*WHAT THE EXERCISE ASKS*: Leave the pictures out. Retype exactly the lines below from the one containing "El Banco del" through the one containing "Vår fineste variant", and no others.

*GIVEN INFORMATION*:
——

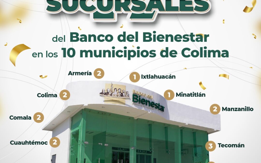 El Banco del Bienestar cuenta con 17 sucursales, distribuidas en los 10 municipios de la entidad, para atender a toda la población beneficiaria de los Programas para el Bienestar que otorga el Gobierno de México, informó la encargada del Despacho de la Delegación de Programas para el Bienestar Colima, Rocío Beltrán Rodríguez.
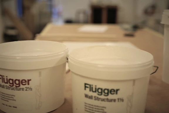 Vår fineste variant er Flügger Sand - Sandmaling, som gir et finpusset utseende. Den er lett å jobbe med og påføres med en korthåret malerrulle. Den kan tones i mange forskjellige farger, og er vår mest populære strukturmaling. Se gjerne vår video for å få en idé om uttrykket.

——

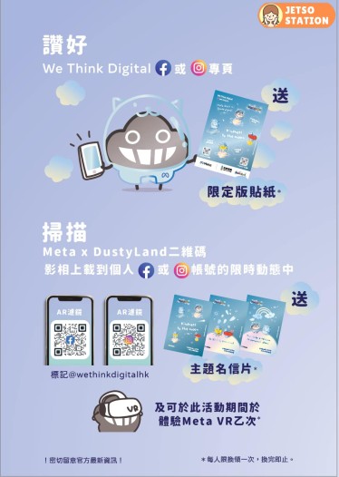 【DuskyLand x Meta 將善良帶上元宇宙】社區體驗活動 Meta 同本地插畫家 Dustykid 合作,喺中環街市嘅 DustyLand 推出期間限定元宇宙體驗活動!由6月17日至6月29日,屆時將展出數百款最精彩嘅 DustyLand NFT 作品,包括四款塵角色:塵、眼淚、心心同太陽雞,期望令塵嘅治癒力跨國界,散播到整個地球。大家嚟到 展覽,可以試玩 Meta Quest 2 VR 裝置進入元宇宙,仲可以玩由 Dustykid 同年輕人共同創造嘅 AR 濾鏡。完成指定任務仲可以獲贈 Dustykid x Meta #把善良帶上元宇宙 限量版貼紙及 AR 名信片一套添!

——

*RESULT OF THE TASK*:
 El Banco del Bienestar cuenta con 17 sucursales, distribuidas en los 10 municipios de la entidad, para atender a toda la población beneficiaria de los Programas para el Bienestar que otorga el Gobierno de México, informó la encargada del Despacho de la Delegación de Programas para el Bienestar Colima, Rocío Beltrán Rodríguez.
 Vår fineste variant er Flügger Sand - Sandmaling, som gir et finpusset utseende. Den er lett å jobbe med og påføres med en korthåret malerrulle. Den kan tones i mange forskjellige farger, og er vår mest populære strukturmaling. Se gjerne vår video for å få en idé om uttrykket.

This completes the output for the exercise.